If nothing else, 2019 seems to be fixing up to be a dope-ass year for space exploration. Yesterday, NASA dropped pictures from Ultima Thule, the farthest object ever explored by a spaceraft. As well, China has announced they’ve landed on the far side of the Moon.
Ars Technica:
Declaring that it has opened a new chapter in lunar exploration, the China National Space Administration announced late Monday night that its Chang’e-4 lander had safely set down on the far side of the Moon.
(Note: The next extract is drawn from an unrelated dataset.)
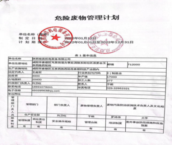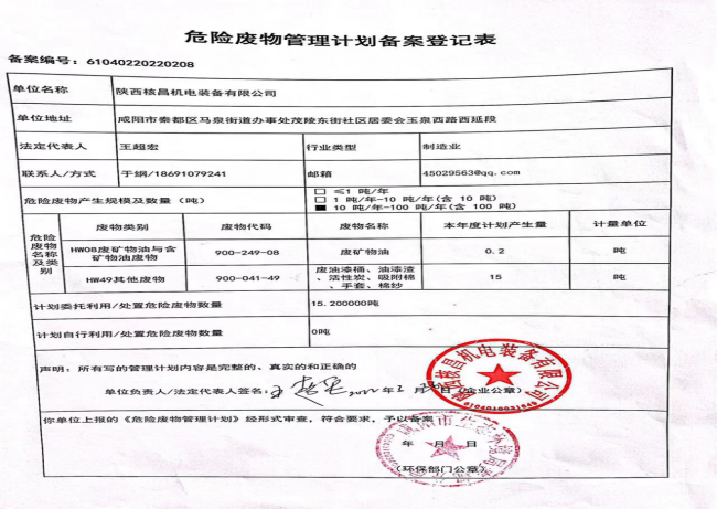 我公司屬機電一體化、機械加工等產(chǎn)業(yè)的生產(chǎn)及經(jīng)營活動, 現(xiàn)階段主要的危險廢物包括:油漆桶、廢機油、乳化液、噴漆、噴砂。油漆桶、廢機油、乳化液等危險廢物處置由陜西明瑞資源再生有限公司承接轉(zhuǎn)運及處理危廢;噴漆、噴砂房等由公司投入大量資金進行升級改造,在經(jīng)營活動中加強職工環(huán)保培訓,不斷提升職工環(huán)保意識。經(jīng)陜西格林秦灃環(huán)??萍?/span>有限公司監(jiān)測,所排廢氣均達到國家標準。為改善環(huán)境、大氣質(zhì)量作出積極的貢獻。

No spacecraft has ever made a soft landing there.
According to state media, a Beijing-based control center commanded the spacecraft to begin the landing procedure at 9:15pm ET Monday (10:15am, Tuesday, local time), from an altitude of 15km above the lunar surface. During an 11-minute descent, Chang’e-4 slowed its speed from 1.7 km/s to nearly zero before it landed in the Von Karman Crater in the South Pole-Aitken Basin. This is in the mid-southern latitudes of the Moon on its far side; it should offer important scientific information about Earth and the early Solar System.
The 1.2-ton lander is made from backup components of the Chang’e-3 mission, which China’s space program landed on Mare Imbrium on the near side of the Moon five years ago. Shortly after landing, Chang’e-4 returned a photo of the lunar surface by way a relay satellite in lunar orbit, named Queqiao, meaning Magpie Bridge.
Soon—if not already—the lander will deploy a rover named Yutu II (Jade Rabbit II). The 140kg rover will collect high-resolution images, and Chinese scientists designed it to study the lunar surface and area just beneath the surface, as well as the radiation environment on the far side of the Moon.